В центре пола была нарисована огромная карта мира: двадцать пять футов по диагонали. И хотя краски за все эти годы, потемнели и выцвели, а названия стран и городов, изначально выписанные тонким почерком золотой краской, стерлись под множеством проходящих ног настолько, что остались только отдельные тусклые металлические крупинки, но все еще можно было различить туманные очертания пяти континентов и получить смутное представление о горах, реках и морях.

Взяв Дайони за руку, Родарик подвел ее к той части карты, которую занимал Маунтфалькон и его ближайшие соседи.

— Горы, о которых я говорил, я должен, наверное, тебе напомнить, граничат с Херндайком, Шенебуа и Монтань-дю-Солей. Если воры, укравшие Машину Хаоса, были не обычными толстопятами, но шпионами какого-то другого правителя и если станет известно, что Сокровище Маунтфалькона у него в руках, люди, живущие в шахтерских городах, могут признать его своим властителем. Кто-то, возможно, пытается расширить границы, кто-то, возможно, пытается создать… империю.

У Вилла мороз пробежал по коже. Посмотрев на Дайони, он увидел, что глаза у нее округлились от ужаса.

Вот уже полторы тысячи лет мир существовал в благословенном, но опасном равновесии. Ни одно королевство, герцогство или княжество не имело права оказывать влияние на другое. Альянсы были запрещены; браки между представителями разных правящих домов были невозможны. И все же кошмарные воспоминания об Империи Чародеев, их чудовищные злоупотребления, долгая история угнетения и жестокости — все это еще не стерлось из памяти. Не менее ужасающими были предания о первых годах Правления Людей.
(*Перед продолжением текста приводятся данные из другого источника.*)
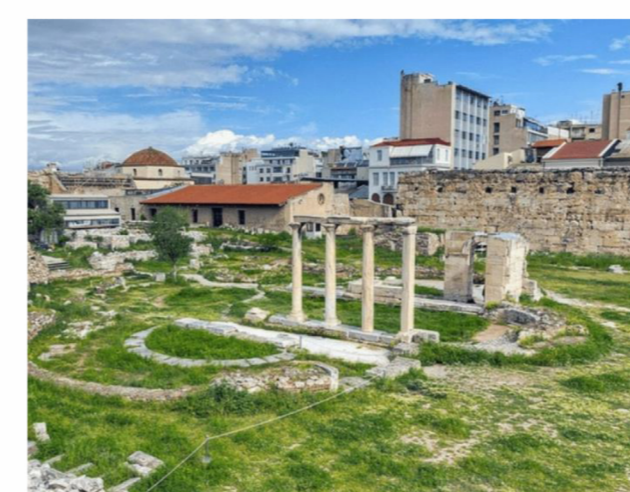
Αρχαία Μνημεία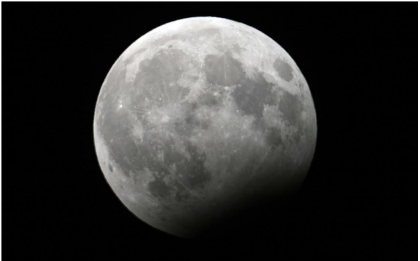
Eclipse de LUNA del 31-12-09.- JOANMA BULLON.- 19:23 (TU), desde el OBSERVATORIO LA CAMBRA DE ARAS de los Olmos. T. 250-1200, A 1/500 s.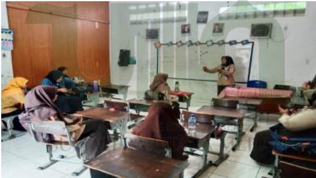
Foto kegiatan pengimbasan ke berbagai sekolah di beberapa kecamatan di kabupaten Deli Serdang yang dilakukan oleh tim guru dan kepala sekolah SD Swasta Laskar Dhuha dalam rangka praktik baik pada program sekolah penggerak, sekaligus belajar melalui platform Merdeka belajar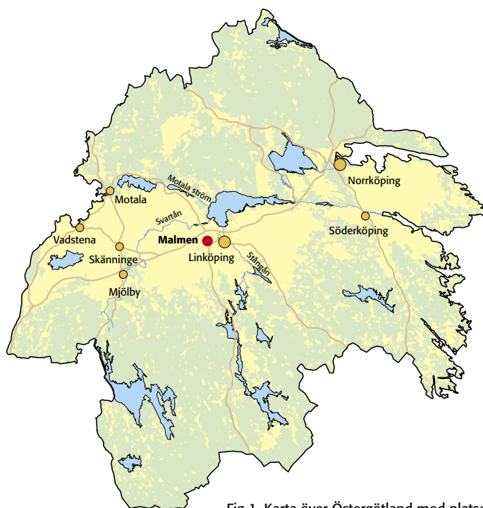
Fig 1. Karta över Östergötland med platsen för utredningsområdet markerad.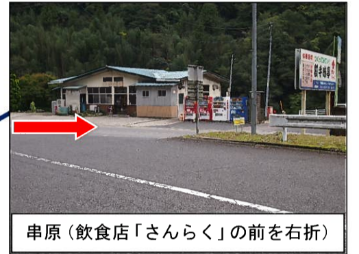
串原（飲食店「さんらく」の前を右折）

На протяжении трех бурных десятилетий войны захлестывали континенты, так как честолюбивые люди — правители сильнейших из вновь созданных государств — прилагали все усилия, чтобы навязать свою волю более слабым соседям. В этом побоище пали бесчисленные жертвы.

Постепенно порядок был восстановлен. Кропотливо создана была новая цивилизация: совершенное общество, находящееся в постоянном восхитительном равновесии. Оно было продумано так, чтобы просуществовать в течение многих тысяч лет. Оно должно было выстоять. Это было общество, построенное не только на официальных законах, оно существовало в умах и в сердцах. Оно учило людей, как надо думать.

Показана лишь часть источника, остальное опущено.